Please take the time to marinate the chicken; marinating gives the flavors time to mesh together and create a scrumptious flavor. The recipe calls for chicken thighs, I had breasts and used them. FYI: The temperature was 90 F here in Ohio, the day I cooked this meal. The grill setting on my air fryer did a marvelous job!!!
Prep time: 10 minutes
Cook time: 20 minutes
Marinating time: 2 hours
Total time: 2 hours 30 minutes
Servings: 6
INGREDIENTS
- 1 cup pineapple juice
- 2/3 cup soy sauce
- 1/2 cup ketchup
- 1/3 cup packed dark brown sugar
- 1/3 cup dry sherry
- 2 tablespoons apple cider vinegar
- 1 tablespoon grated fresh ginger
- 5 cloves garlic, grated or finely minced (about 1 tablespoon)
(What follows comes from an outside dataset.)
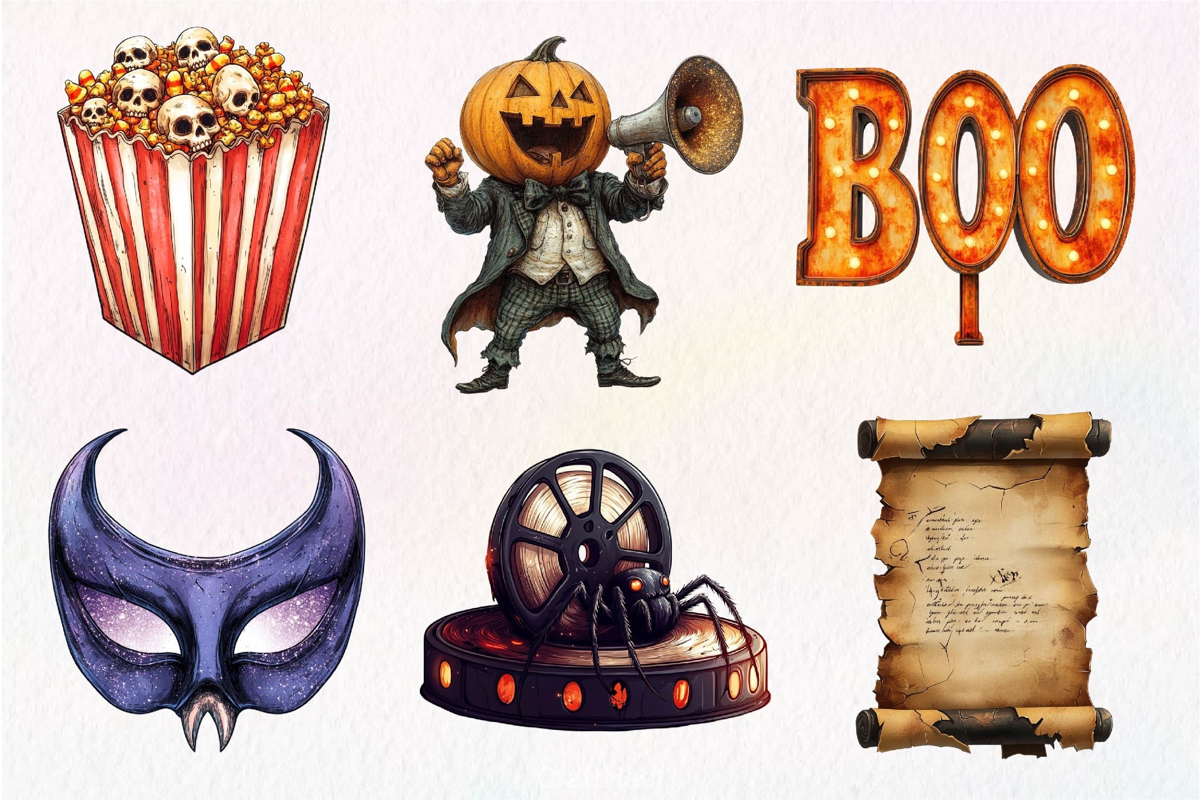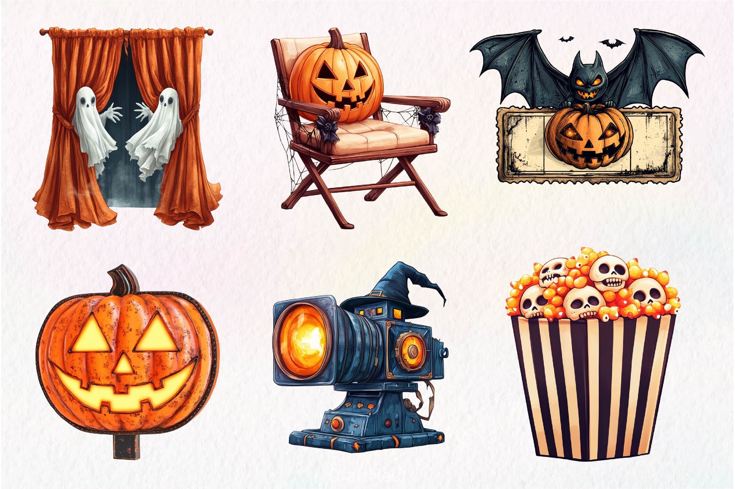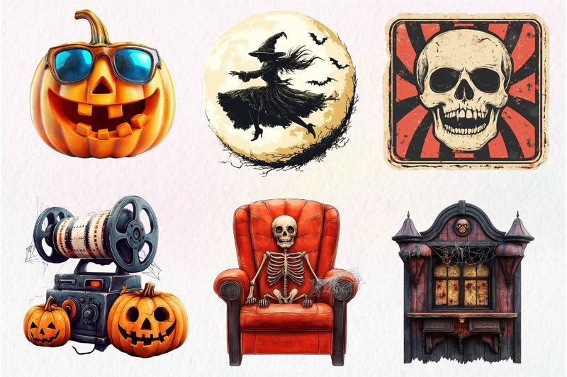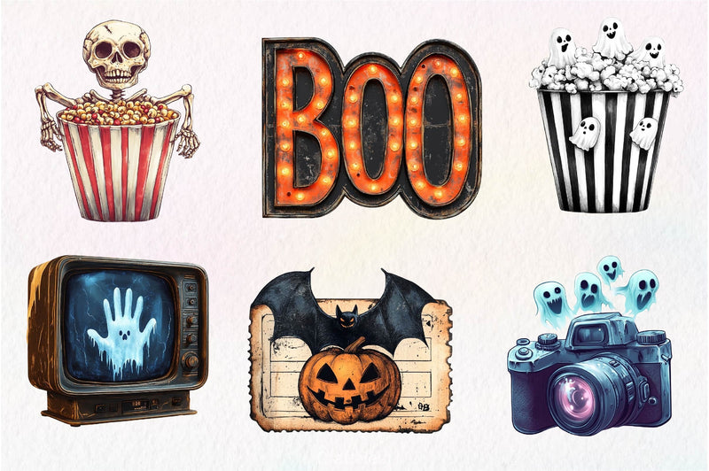 Screen with this Vintage Halloween Cinema Clipart Bundle, featuring retro movie spooky designs, perfect for nostalgic Halloween crafts.

- 2 1/2 pounds small, boneless, skinless chicken thighs (8 to 9 small thighs)
- Canola oil for grilling
- 6 (1-inch thick) fresh cored pineapple rings
- Thinly sliced scallions, optional
DIRECTIONS
- Marinate the chicken: in a medium bowl or 4-cup liquid measuring cup, whisk together the pineapple juice, soy sauce, ketchup, brown sugar, sherry, vinegar, ginger, and garlic. Place the chicken in a large resealable zip-lock bag. Pour two cups of the marinade over the chicken and seal to close. Place the bag on a large plate and refrigerate for at least 2 hours or up to 4 hours.
- Remove the chicken from the refrigerator 30 minutes before cooking. Preheat a grill to medium (350°F to 400°F). Remove the chicken from the marinade and pat dry with paper towels; discard the bag with the marinade.
- Brush oil onto the grill grates. Place the chicken on the grill, cover until grill marks appear, about 3 minutes. Flip the chicken and continue to cook until grill marks appear on the second side, about 3 minutes. Flip again and continue to cook, flipping every 2 minutes, until an instant-read thermometer inserted into the thickest part of the thigh reads 135°F, about 4 minutes.
- Brush some of the reserved marinade over the chicken, Cook, flipping and brushing with marinade every 1 to 2 minutes, until the instant-read thermometer reads 165 F to 170 F, about 4 minutes. Remove from the grill and let rest for 10 minutes.
- While the chicken rests, lightly brush oil over the grill grates and increase the temperature to medium-high (400°F to 450°F). Place the pineapple slices on the grill, uncovered, until grill marks appear on both sides and the pineapple starts to caramelize, about 4 minutes, flipping once halfway through.
- Transfer to the plate with the chicken. Garnish with scallions if desired, and serve.